[Work required]
Using the data below, reproduce exactly the lines from the line with "Vintage Stainless Steel" to the line with "mDesign Tall Storage", both included; pictures must be dropped.

[Records provided]
BEGIN

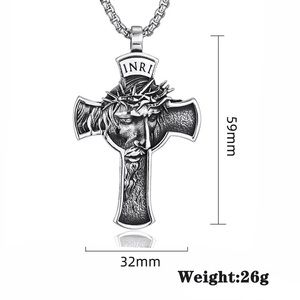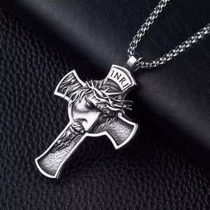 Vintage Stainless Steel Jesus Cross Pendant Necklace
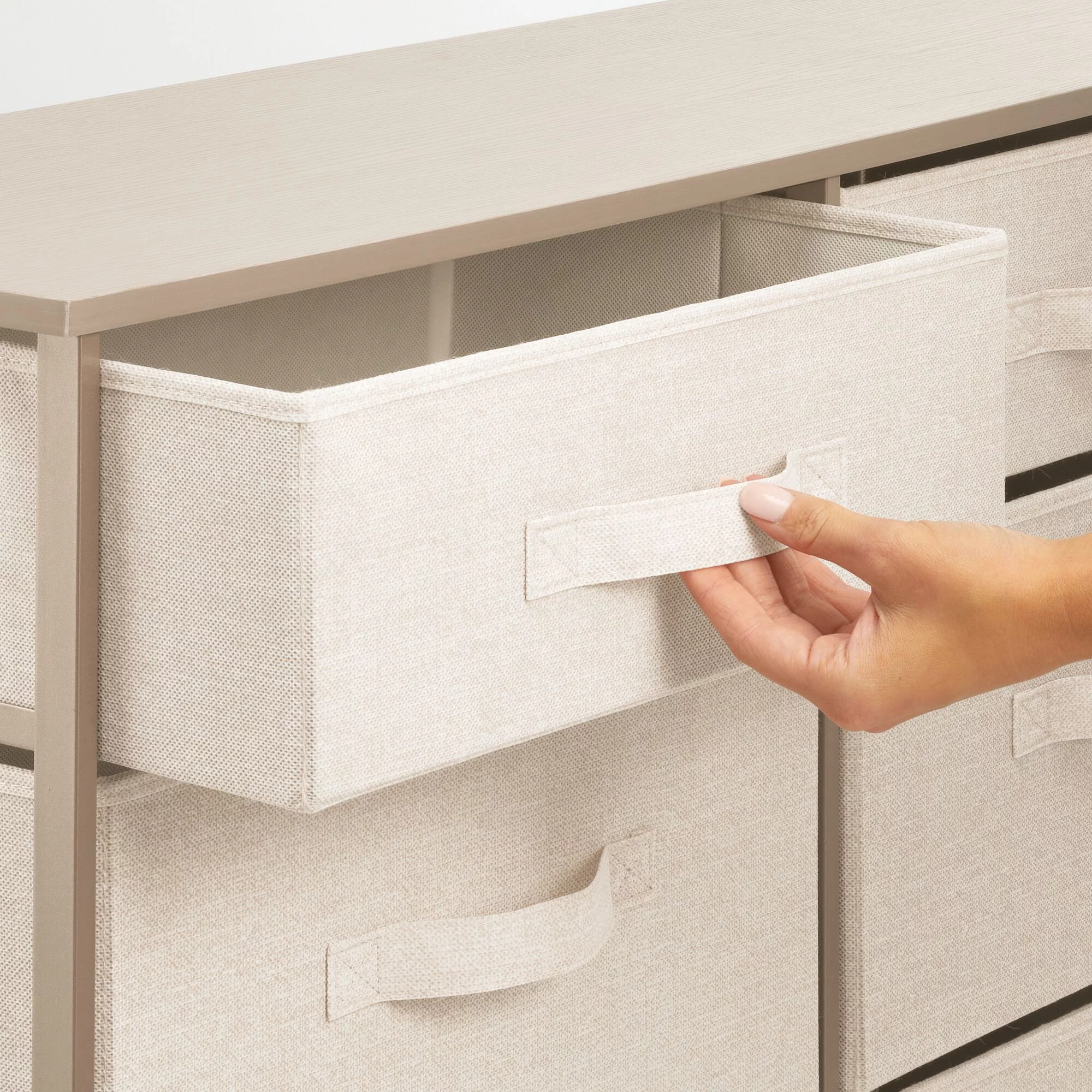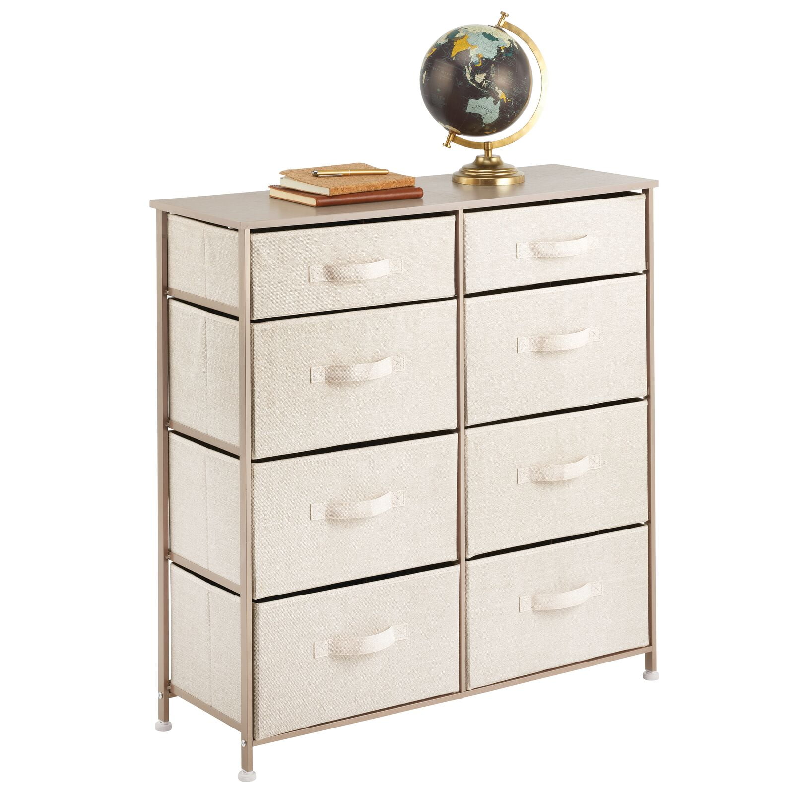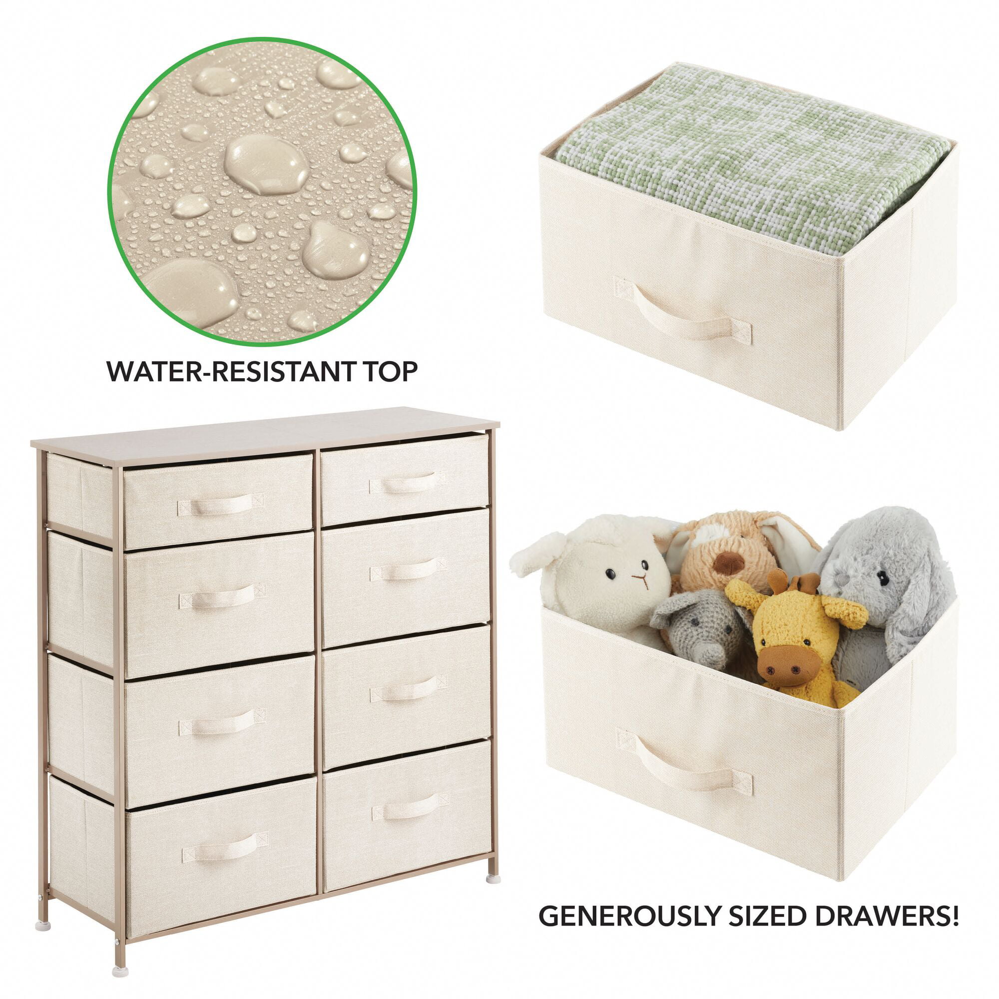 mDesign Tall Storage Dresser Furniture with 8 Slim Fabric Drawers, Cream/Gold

END
BEGIN

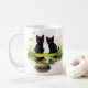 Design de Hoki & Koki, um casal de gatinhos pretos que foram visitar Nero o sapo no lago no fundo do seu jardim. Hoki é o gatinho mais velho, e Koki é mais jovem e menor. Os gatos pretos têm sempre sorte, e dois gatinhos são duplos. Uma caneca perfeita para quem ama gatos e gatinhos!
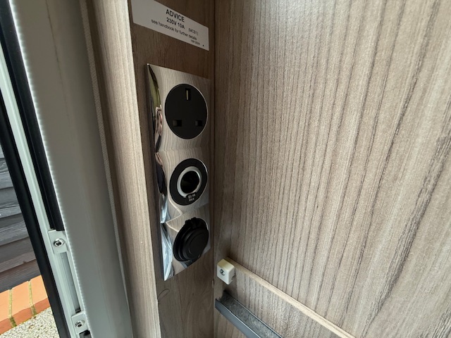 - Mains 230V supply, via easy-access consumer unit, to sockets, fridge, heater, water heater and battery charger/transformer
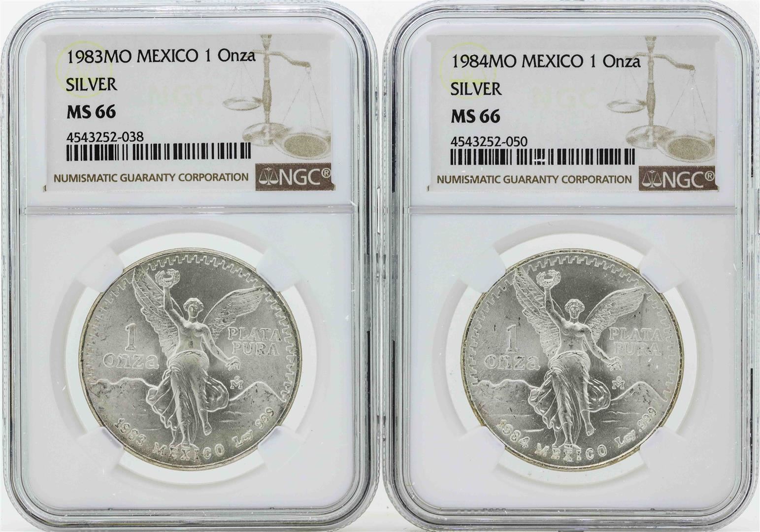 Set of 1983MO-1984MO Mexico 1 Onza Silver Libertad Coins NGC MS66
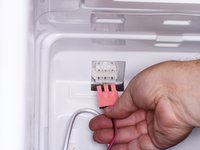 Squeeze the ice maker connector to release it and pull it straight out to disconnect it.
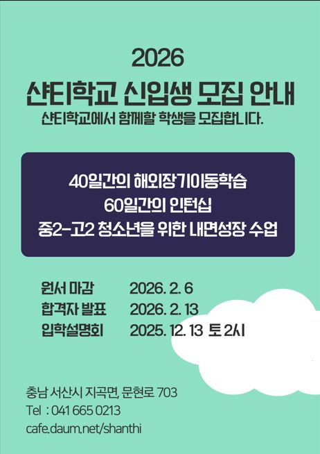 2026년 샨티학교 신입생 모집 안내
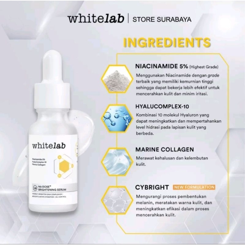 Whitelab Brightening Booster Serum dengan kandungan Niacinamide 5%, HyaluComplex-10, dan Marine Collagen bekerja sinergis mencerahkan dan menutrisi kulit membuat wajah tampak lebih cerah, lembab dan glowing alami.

END

[Answer space]
 Vintage Stainless Steel Jesus Cross Pendant Necklace
 mDesign Tall Storage Dresser Furniture with 8 Slim Fabric Drawers, Cream/Gold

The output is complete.